Almane Luxama did not know it yesterday as he headed to Haiti with his 1-year-old son, Dumanel, but some kind Massachusetts residents are planning a homecoming gift for the pair: two cows.
Luxama, a poor farmer, had sold his only two cows to seek medical care for Dumanel, who was born with a hole in his skull and a cyst in his brain. Left untreated, Dumanel would surely have died, but Dr. John Meara, chief of plastic surgery at Children's Hospital Boston, happened to see the boy while volunteering in Haiti last spring and helped arrange for Dumanel to be brought to Boston and operated on for free at Children's.
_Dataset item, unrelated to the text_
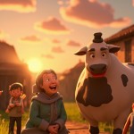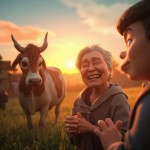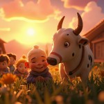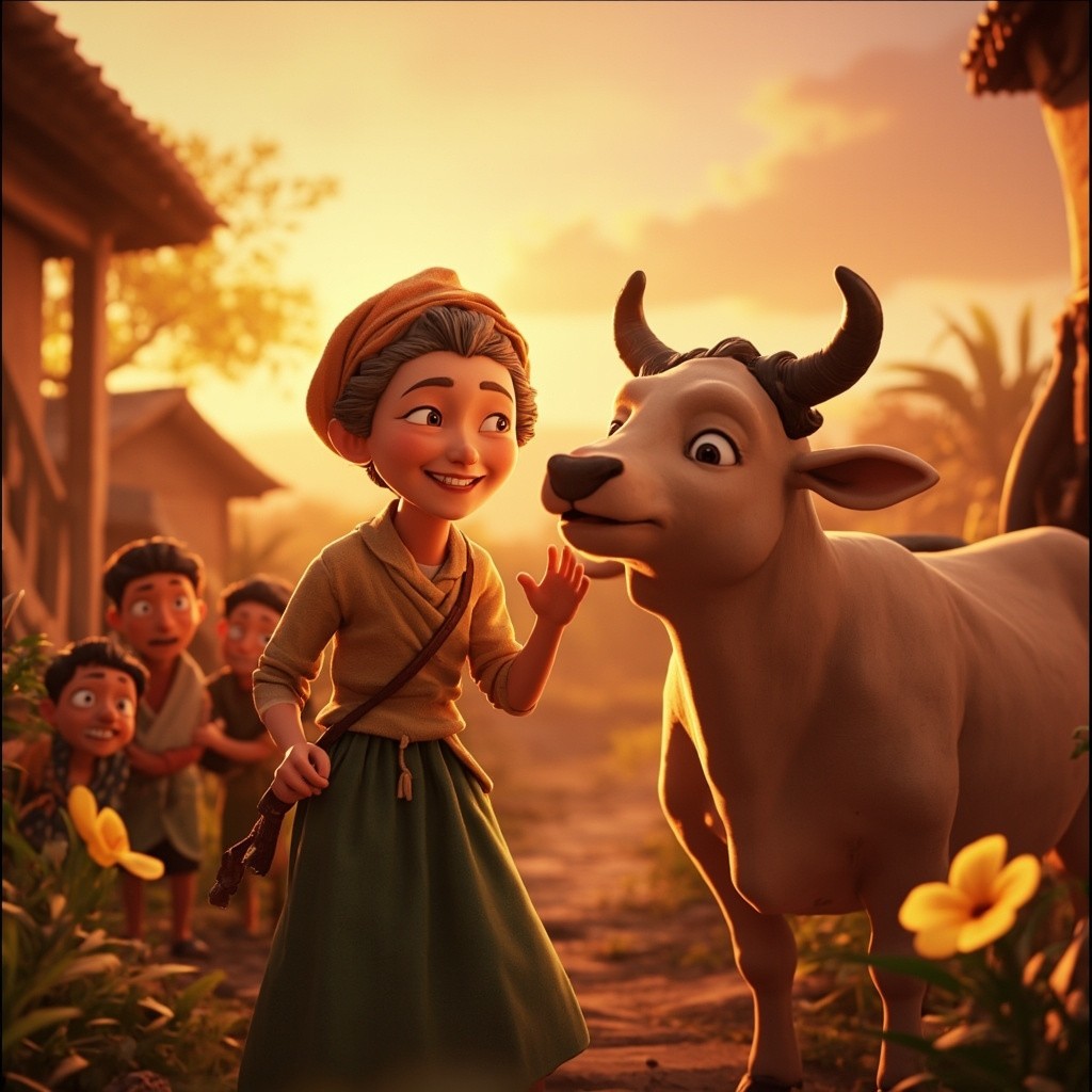 Happy Village Scene with Smiling Old Woman and Magical Cow at Sunrise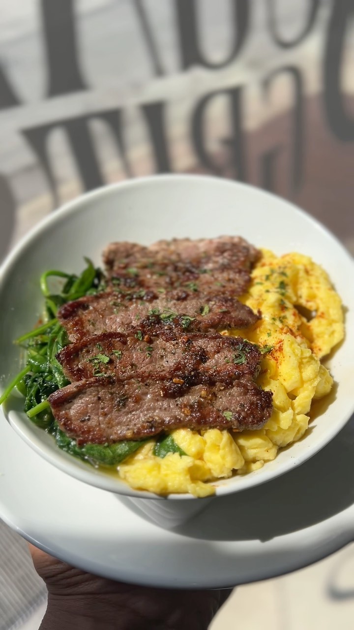 Cheese grits, flat iron steak, fried eggs, and sautéed spinach

The Globe carried a story about Dumanel's complex surgery Monday, and three readers quickly responded with offers to help replace the cows. Children's Hospital referred them to Partners In Health, a nonprofit famed for providing healthcare to the poor in Haiti and elsewhere. It helped put together Dumanel's trip to Boston and will continue treating him in Haiti.
Anne Beckett, a patient coordinator for Partners In Health, said yesterday that she had looked into how much milk cows cost in the area of Haiti where the Luxamas live: It would be $250 for a so-so one, $500 for a good one, and $800 for a bull that could help with plowing.
She has received calls from the three people who want to help, and she said "it sounds like there's really enough interest that we'll be able to replace what he lost." The help is especially needed, she said, because while Almane Luxama was here caring for Dumanel as he recuperated, flooding destroyed the family's crops.
John and JoAnn Pike of Norfolk plan to use their family's Christmas gift money to buy a good cow or a bull for the Luxamas. They hope to gather small donations from friends as well. Another donor, Christopher Shustak of Holden, keeps a small herd of Jersey cows as pets, and said in an e-mail that he empathized with Almane Luxama: "I adore my cows, and would be heartbroken if I ever had to sell them."
Beckett said a social worker at a Partners In Health clinic could buy the cows for the Luxamas, and the donations would reimburse the clinic. Sometimes the needs in a place like Haiti can seem overwhelming, she said, but the response to the Luxamas' story "is a testament to how generous and kind people are when the need is really concrete."